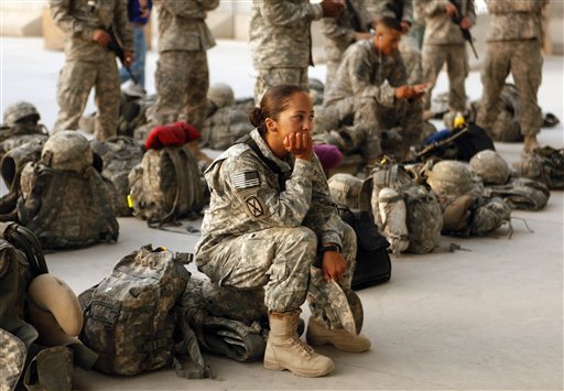 Photo: U.S. Army Sgt. Alma Santiago, 25, from Worcester, Mass., with 2nd Brigade, 10th Mountain Division, waits at Baghdad International Airport as her unit begins their journey to the United States, July 13. The soldiers, based at Fort Drum, N.Y., are headed home after nine months in Iraq as part of the U.S. drawdown of forces, which begins in earnest next month. (AP/Maya Alleruzzo)
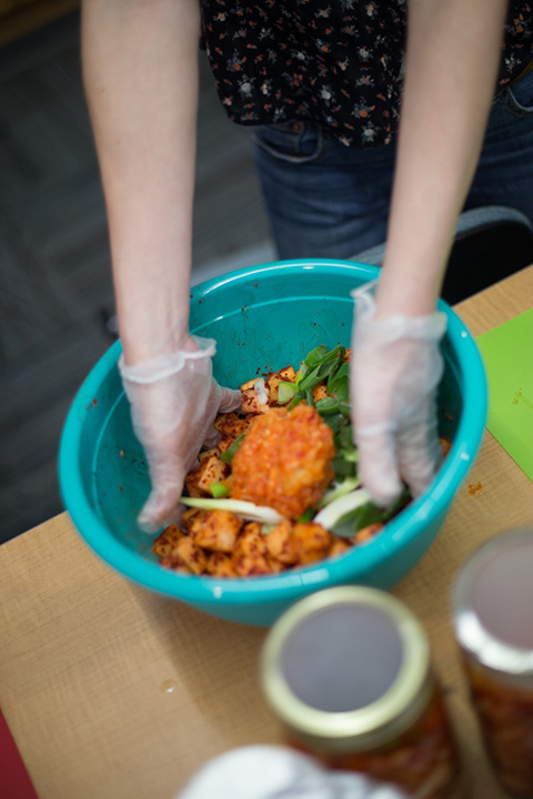 Participants then prepared the foods under the chef's guidance, chopping up cabbage for kimchi, dicing green tomatoes and onions for chow chow and mixing sugar and tea for kombucha. Participants packed and poured their ingredients into two glass jars: one for their own use and one experimental jar that was analyzed in follow-up “science of fermentation” sessions.
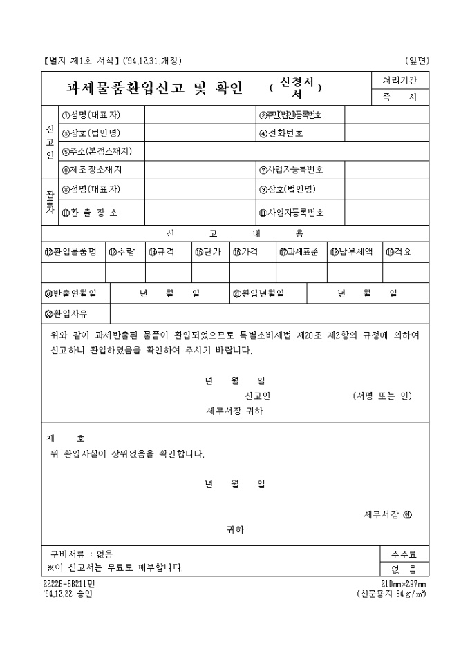위와 같이 과세반출된 물품이 환입되었으므로 특별소비세법 제20조 제2항의 규정에 의하여 신고하니 환입하였음을 확인하여 주시기 바랍니다.

○ ○ ○

• **Work item**
Give back the entire listing verbatim, without the pictures.

• **Expected output**
 Photo: U.S. Army Sgt. Alma Santiago, 25, from Worcester, Mass., with 2nd Brigade, 10th Mountain Division, waits at Baghdad International Airport as her unit begins their journey to the United States, July 13. The soldiers, based at Fort Drum, N.Y., are headed home after nine months in Iraq as part of the U.S. drawdown of forces, which begins in earnest next month. (AP/Maya Alleruzzo)
 Participants then prepared the foods under the chef's guidance, chopping up cabbage for kimchi, dicing green tomatoes and onions for chow chow and mixing sugar and tea for kombucha. Participants packed and poured their ingredients into two glass jars: one for their own use and one experimental jar that was analyzed in follow-up “science of fermentation” sessions.
위와 같이 과세반출된 물품이 환입되었으므로 특별소비세법 제20조 제2항의 규정에 의하여 신고하니 환입하였음을 확인하여 주시기 바랍니다.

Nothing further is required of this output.